The single most important attribute for a career in reviewing each week’s big studio releases is an infinite capacity for awful movies. We become critics because we love to watch great movies and then we end up sitting through an endless series of buddy cops, gross-out comedies, second-rate superheroes, chases, explosions, and remakes of television shows that some studio executive loved as a kid. And yet, almost always I can find some moment—some performance, line of dialog, production design, or insight—that makes me glad I saw it.

The most important attribute in the modern day movie reviewer** is the capacity of generosity. In order to be helpful to your readers, you must accept a film on its own terms. Which is to say: One shouldn’t complain that an Arnold Schwarzenegger film isn’t a Kubrickian contemplation on the nature of man. It’s easy to slam your standard Hollywood offering—easy, and oftentimes warranted—but it can get awfully boring recounting the ways in which our entertainment lets us down. Trying to find an element of excellence in everything you see is harder but, ultimately, more rewarding in the long run. This, of course, doesn’t mean pretending to like everything or cutting bad films an infinite amount of slack.

On an entirely unrelated note: I’m going to a preview of Hansel and Gretel this evening. I really hope they screen it for us in 3D!

*Can one really “flip through” an ebook? Hard to say.

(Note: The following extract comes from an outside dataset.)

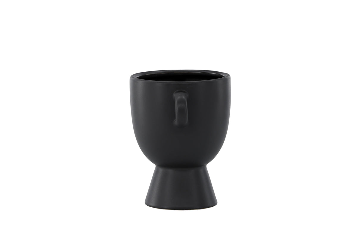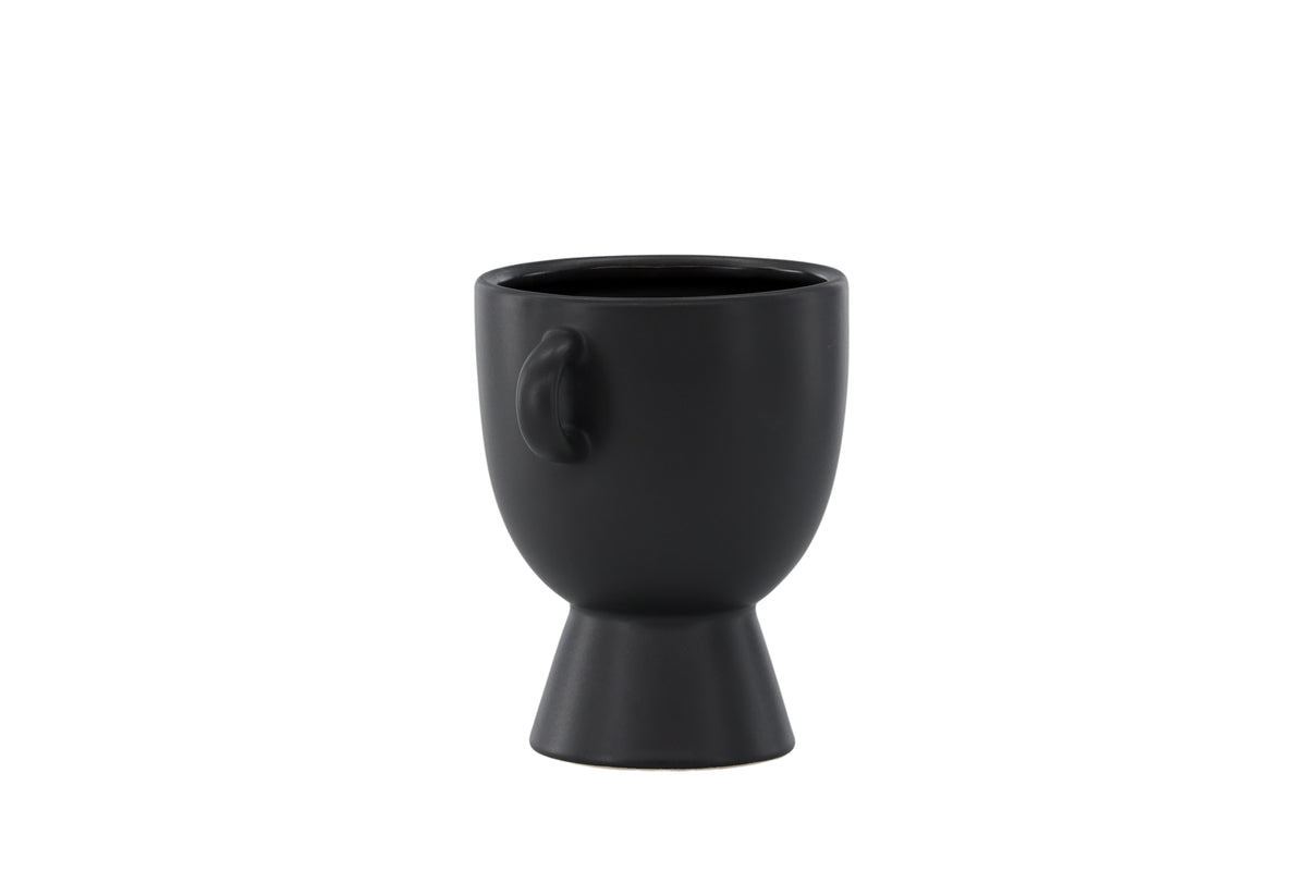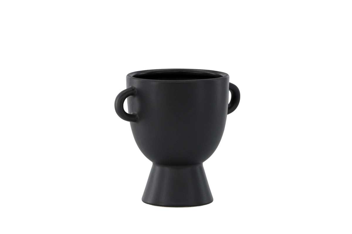 Upptäck skönheten och funktionaliteten hos Cent-serien, där varje kruka och vas är en unik konstnärlig skapelse. Välj din favorit bland de olika storlekarna och formerna. Cent-krukan, tillverkad i robust stengods och klädd i en elegant svart färg, är ett stilfullt tillskott till ditt hem. Med en höjd på 18cm och en rund form blir Cent-krukan en perfekt plats för dina växter eller blommor. Dess välbalanserade design inkluderar ett handtag på varje sida, vilket ger en extra detalj till krukan. För att addera extra höjd och elegans har Cent en fot, vilket ger den en lyftande effekt och framhäver dess unika design. Den här krukan är inte bara en praktisk behållare utan även en konstnärlig detalj som kommer att ge en touch av karaktär till ditt hem. Elegans möter funktionalitet med Cent-krukan – en del av en serie som kombinerar tidlös design med modern estetik. Utforska serien och låt Cent bli en central del av din inredning.

**There’s an important yet blurry distinction to be made between “movie reviewer” and “film critic.” I break it down something like this: The former connotes an element of service for your readers—”Will you like this movie?”—whereas the latter deals with slightly headier concerns—”Should anyone like this movie and what does it tell us about the medium in which it exists?” But your mileage may vary.